- **Work task**:
Every entry below needs to be printed again exactly, with its pictures left out.

- **Exercise material**:
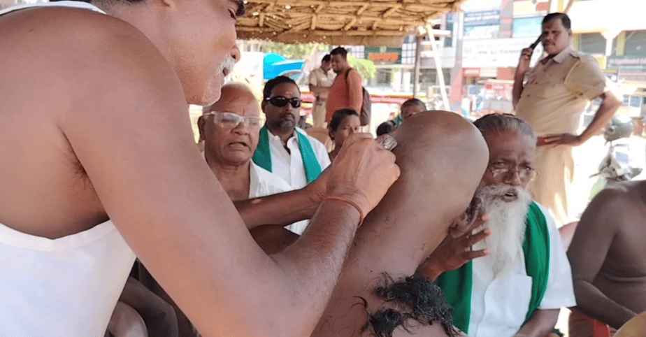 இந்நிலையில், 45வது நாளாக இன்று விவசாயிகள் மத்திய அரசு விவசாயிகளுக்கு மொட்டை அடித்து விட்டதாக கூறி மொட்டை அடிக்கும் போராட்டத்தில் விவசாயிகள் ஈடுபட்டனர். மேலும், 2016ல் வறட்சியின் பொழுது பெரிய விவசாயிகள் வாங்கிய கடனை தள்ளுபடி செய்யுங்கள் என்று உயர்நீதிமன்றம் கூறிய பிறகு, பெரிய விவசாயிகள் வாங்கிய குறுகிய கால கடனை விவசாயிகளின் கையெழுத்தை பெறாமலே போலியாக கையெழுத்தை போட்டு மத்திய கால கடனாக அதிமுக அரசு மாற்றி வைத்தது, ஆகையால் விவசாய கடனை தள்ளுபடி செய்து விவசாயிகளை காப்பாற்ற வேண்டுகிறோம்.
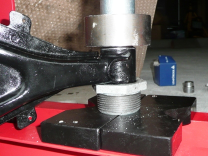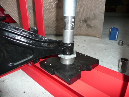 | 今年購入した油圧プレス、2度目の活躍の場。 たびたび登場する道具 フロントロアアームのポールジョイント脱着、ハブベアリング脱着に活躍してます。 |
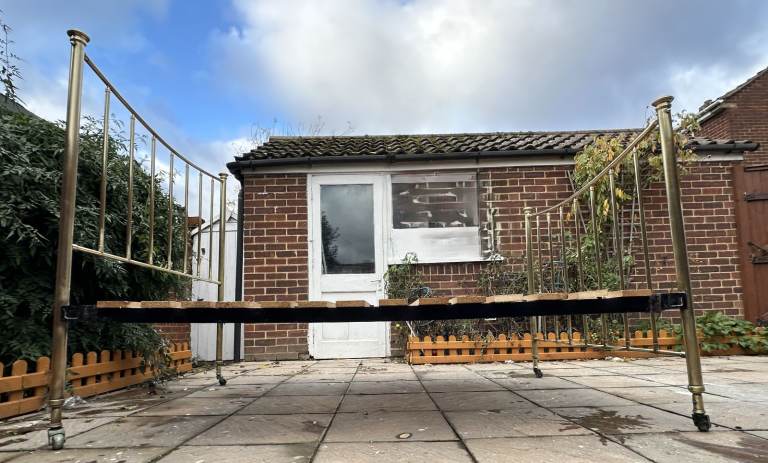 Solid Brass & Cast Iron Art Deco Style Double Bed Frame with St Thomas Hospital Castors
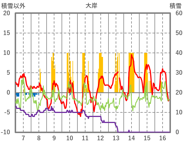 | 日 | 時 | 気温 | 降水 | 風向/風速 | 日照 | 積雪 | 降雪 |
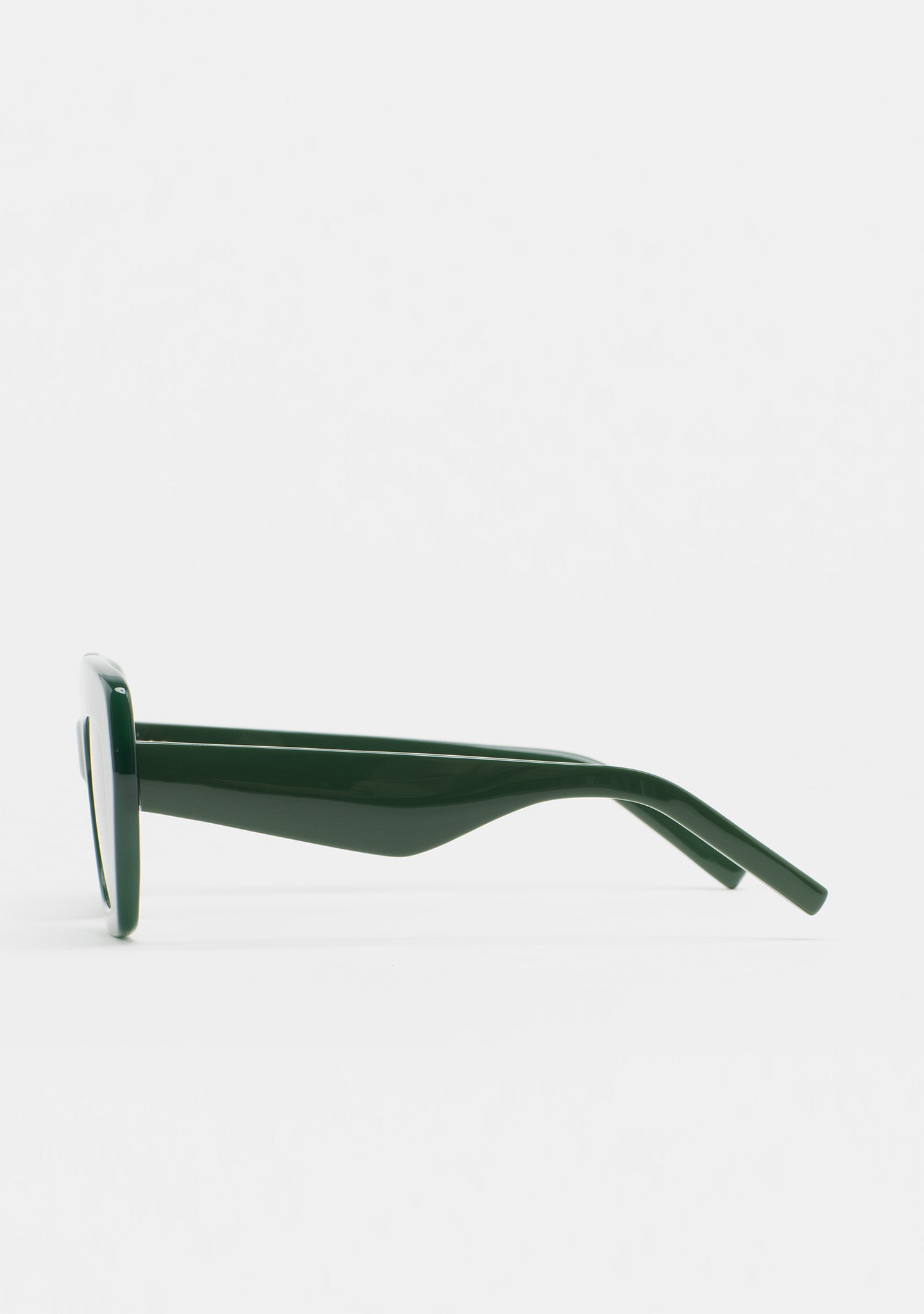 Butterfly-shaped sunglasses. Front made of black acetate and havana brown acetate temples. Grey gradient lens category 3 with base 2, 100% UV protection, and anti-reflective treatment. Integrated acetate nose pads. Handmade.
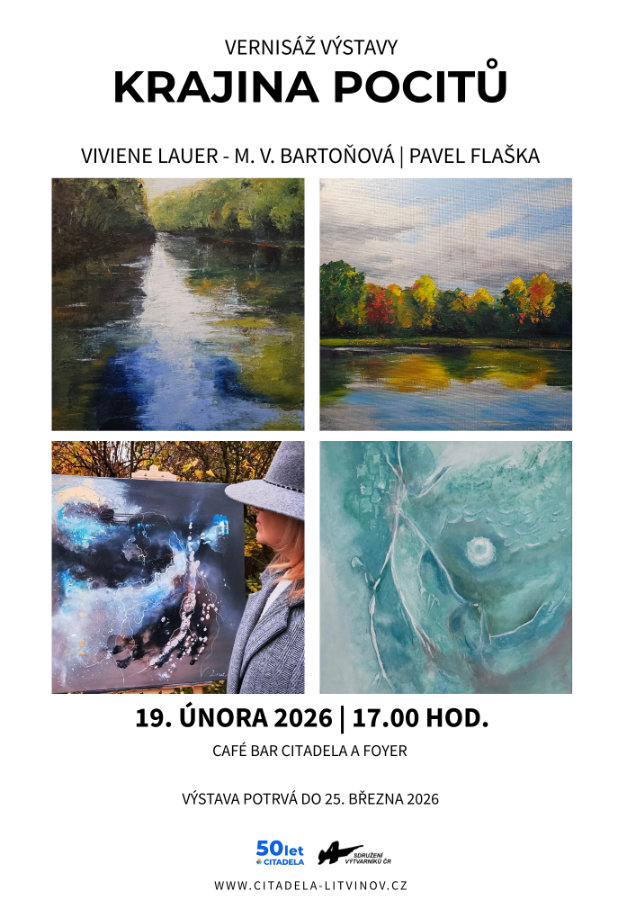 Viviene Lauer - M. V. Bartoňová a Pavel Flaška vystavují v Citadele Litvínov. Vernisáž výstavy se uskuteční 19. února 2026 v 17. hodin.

- **Exercise output**:
 இந்நிலையில், 45வது நாளாக இன்று விவசாயிகள் மத்திய அரசு விவசாயிகளுக்கு மொட்டை அடித்து விட்டதாக கூறி மொட்டை அடிக்கும் போராட்டத்தில் விவசாயிகள் ஈடுபட்டனர். மேலும், 2016ல் வறட்சியின் பொழுது பெரிய விவசாயிகள் வாங்கிய கடனை தள்ளுபடி செய்யுங்கள் என்று உயர்நீதிமன்றம் கூறிய பிறகு, பெரிய விவசாயிகள் வாங்கிய குறுகிய கால கடனை விவசாயிகளின் கையெழுத்தை பெறாமலே போலியாக கையெழுத்தை போட்டு மத்திய கால கடனாக அதிமுக அரசு மாற்றி வைத்தது, ஆகையால் விவசாய கடனை தள்ளுபடி செய்து விவசாயிகளை காப்பாற்ற வேண்டுகிறோம்.
 | 今年購入した油圧プレス、2度目の活躍の場。 たびたび登場する道具 フロントロアアームのポールジョイント脱着、ハブベアリング脱着に活躍してます。 |
 Solid Brass & Cast Iron Art Deco Style Double Bed Frame with St Thomas Hospital Castors
 | 日 | 時 | 気温 | 降水 | 風向/風速 | 日照 | 積雪 | 降雪 |
 Butterfly-shaped sunglasses. Front made of black acetate and havana brown acetate temples. Grey gradient lens category 3 with base 2, 100% UV protection, and anti-reflective treatment. Integrated acetate nose pads. Handmade.
 Viviene Lauer - M. V. Bartoňová a Pavel Flaška vystavují v Citadele Litvínov. Vernisáž výstavy se uskuteční 19. února 2026 v 17. hodin.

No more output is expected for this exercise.